Spectrum Challenges

Below are some of my challenges I have lived with but didn’t know what was behind them until learning Autism Spectrum Disorder (ASD) wasn’t something only someone else had.  I found out I was on the spectrum near the end of 2016.  This challenging list doesn’t apply to all with ASD because when you’ve met one person with Autism, you’ve met only one.

Rules are not mere suggestions to me.  I welcome and need them.  In an unstructured environment, I feel as uneasy as a polar bear would on a beach.

Routine is almost as essential as air.  I guess it has to do with feeling safe and secure in the world.  I do change my routine occasionally, but if it is beyond my control, a change in routine can put me in meltdown country.

Stuck with no means of a graceful escape to hearing music that is pushing all my buttons.  I don’t dare complain to the one playing the music, much less scream or cry because it would draw unwanted attention.  I must, as I often have to do, pretend I’m just fine while boiling underneath.

It takes me longer to respond to someone.  I need time to process what has been said in order to come up with a response.  More often than not, I ask for a repeat to give me a few more seconds even though I may have heard them the first time.

I love hardball conversations about any one of my limited interests.  Social chit-chat is hard for me to sit through.  I often manage by drifting into daydream land if I can’t make a graceful exit.

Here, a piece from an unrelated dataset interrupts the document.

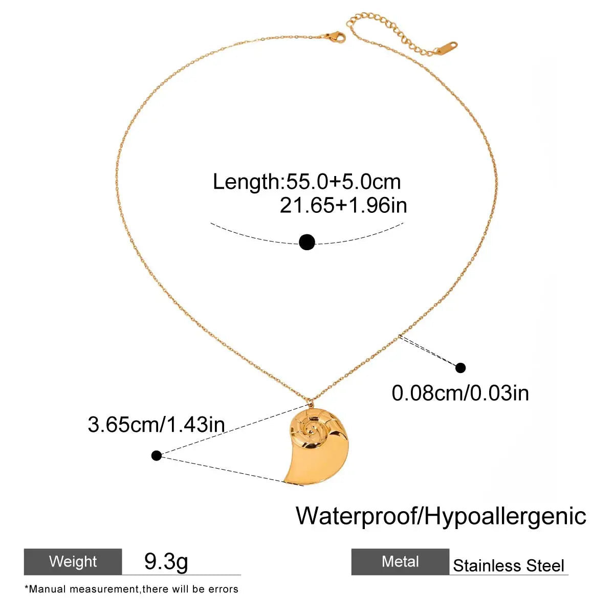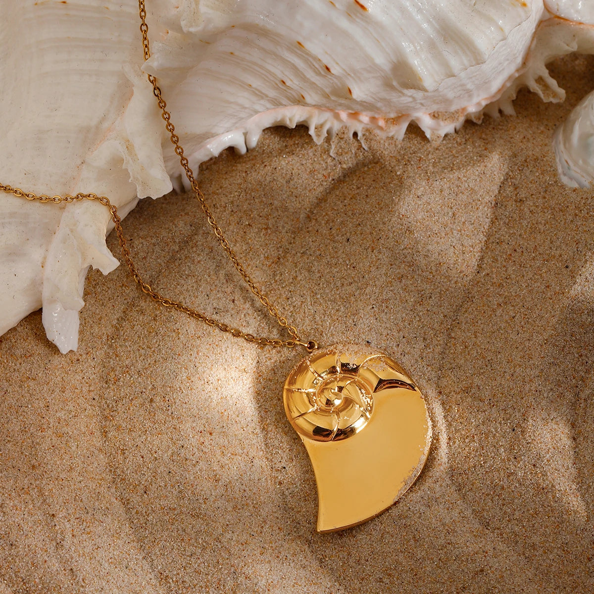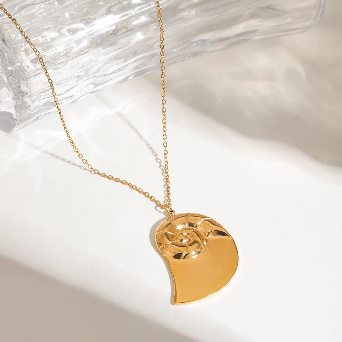 ステンレス304 低ニッケル 水に濡れても錆びにくい 18Kゴールドメッキ ネックレス アンモナイト 【YJ01987】

It is stressful for me to be as busy as a bee or to be bored out of my skull.  I love a schedule with the consistent rhythm of one thing after another instead of things happening all at once or nothing happening at all. 

Physically and mentally, I’m years passed the half-century mark.  Emotionally, though, I am about the same age as the elementary students I work with. I’m reminded of that when I’m behind the steering wheel stuck in traffic.  Even though it isn’t the steering wheel’s fault, it is what I take it out on.

I don’t like it being pointed out in a group I am the quiet one.  I’ve been a quiet person for more or less fifty years and so it isn’t news to me.  

Timekeeping to me is crucial.  If it is going to be around noon that someone will show up, I’d rather they say “noon-ish”; please not say noon if one won’t be there before or on the dot.

Highly sensitive!  Such as when a check-out cashier says she’s not open.  I will beat myself for not noticing the sign that she was closed.

Groups are my nightmares.  I always seem to be the square peg in the group of round pegs.  I don’t know if I’m more afraid of being spoken to or not at all.  

I don’t write about my ASD to complain or seek sympathy; I write to offer empathy to those on the spectrum and to provide knowledge and understanding for those who aren’t.

I have a choice about reading about Autism Spectrum Disorder (ASD) or talking about it or writing about it.  I don’t have a choice about living with it.